Opening An Old Wound

Jimmy Sottile will be there for the trial of the person accused of killing his brother, although it will be, "hard to sit there."

"It's been two years come Monday, and we've got to start all over again come March," he said. "My father's going to have to listen to my brother screaming for help. I don't even know if I can sit there and hear him screaming for help."

Elizabeth said she has attended all the previous court proceedings, such as all pretrial conferences. The trial will be no different.

"I will not miss a day," she said. "I will not miss a minute."

Continuing On

Following her husband's death, a scholarship program was established that was open to any age group. The two winners are going to be announced later this week.

It is just one way the family is working to keep alive the memory of Sgt. Sottile. Sometimes, though, all it takes is a journey out in public to remember a lost loved one.
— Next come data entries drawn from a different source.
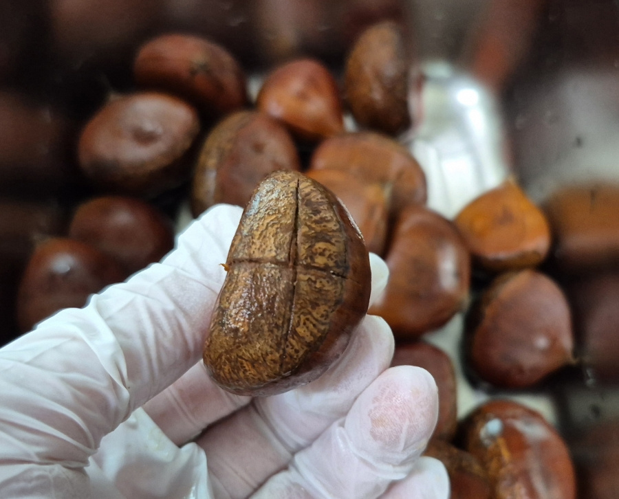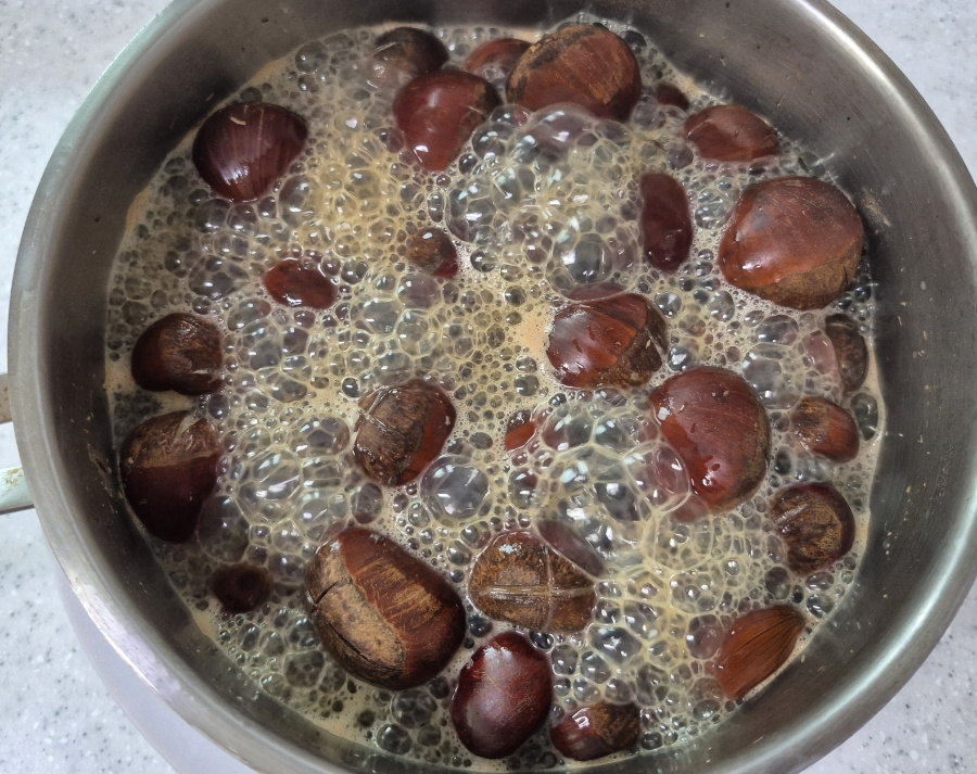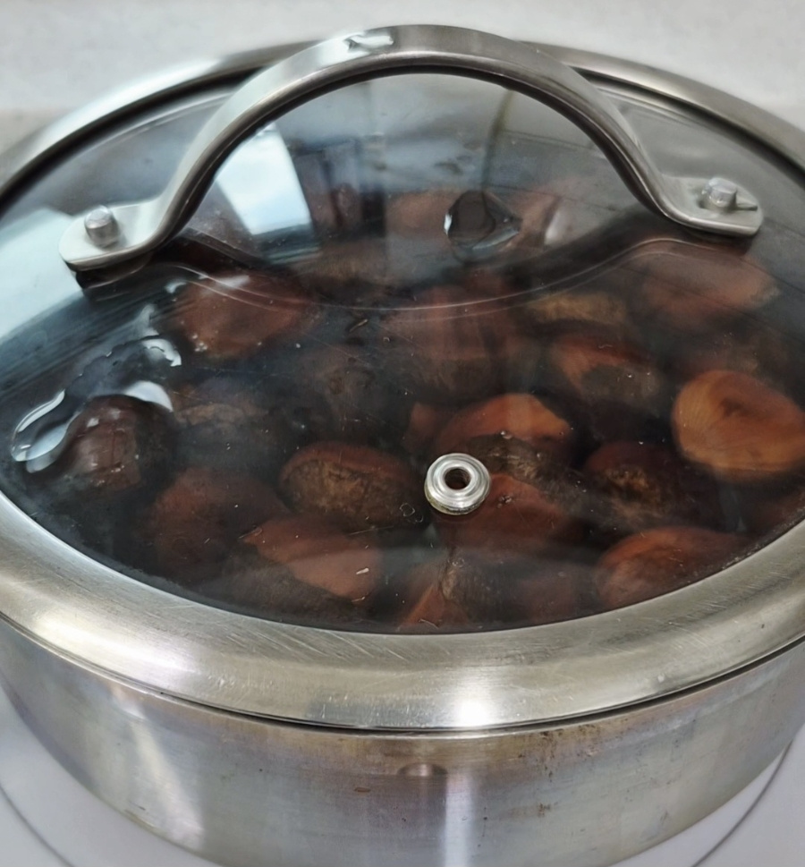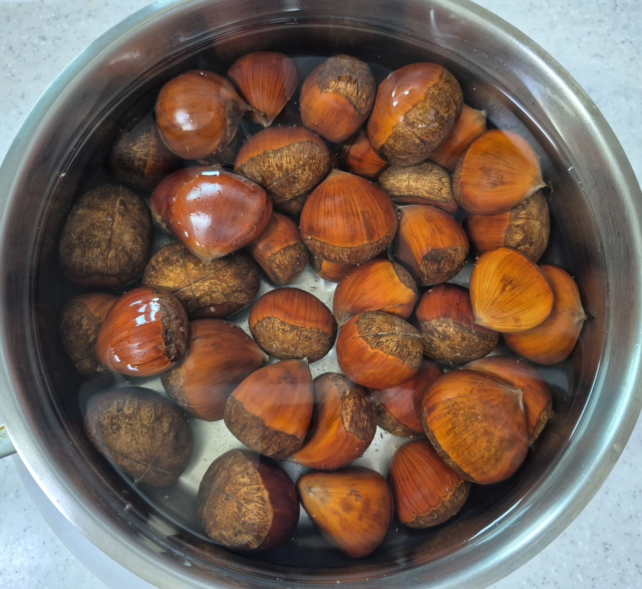 밤이 식으면 껍질이 다시 속살에 달라붙어 깔끔하게 벗기기 힘들어지니 완전히 식기 전에 껍질을 벗겨 드세요.
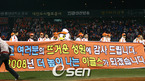 2007 프로야구 플레이오프 3차전 두산 베어스와 한화 이글스 경기가 17일 저녁 대전구장에서 벌어졌다.두산 베어스가 6-0 완승을 거두고 한국시리즈에 진출했다. 경기 후 두산 선수단이 플래카드를 들고 환호하고 있다./대전=김영민 기자ajyoung@osen.co.kr <2007 삼성 PAVV 프로야구> [Copyright ⓒ 한국 최고의 스포츠...
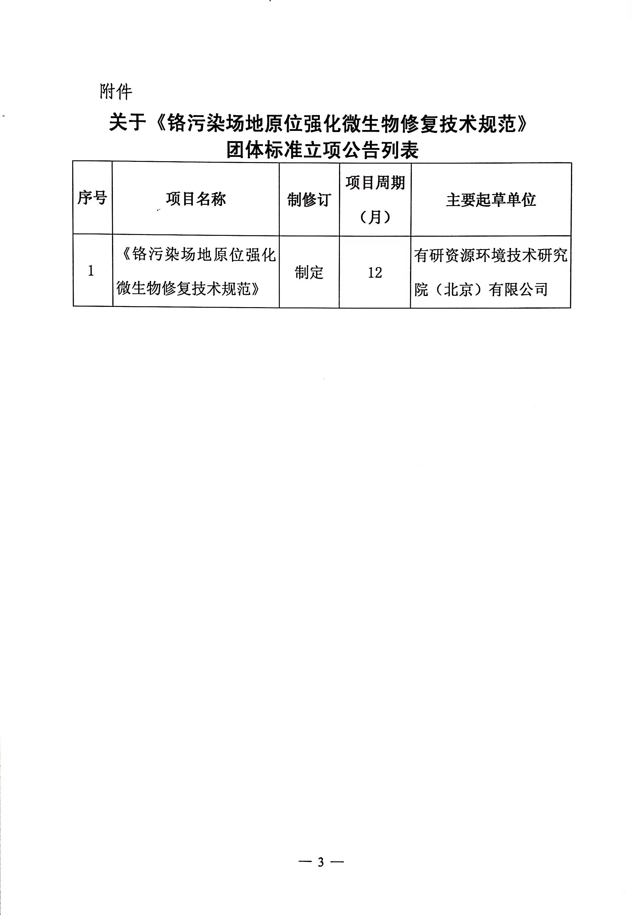 关于《铬污染场地原位强化微生物修复技术规范》团体标准立项的公告
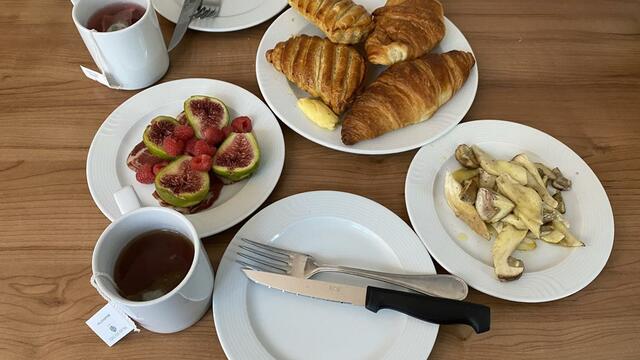昨夜ご飯を食べなかったので、お腹が空いていた。TORUくんがクロワッサンを買ってきてくれて、今日はガッツリと朝からセップです。バターで炒めるよりも薄切りにしてオリーブオイルで炒めた方がおいしいと聞いたのでやってみました。なるほど、おいしかった。クロワッサンもショッソン・オ・ポムもおいしかった。

"If you're in Wal-Mart or something and you see a side profile of somebody, and it takes your breath away because you think it's him," Jimmy said.

The tragedy both he and the rest of his family has been through - not to mention the shock and disbelief that lingers two years later - is something Jimmy would not wish on anyone.

"I pray to God that no one has to go through what me and my family's went through," he said. "That feeling is indescribable."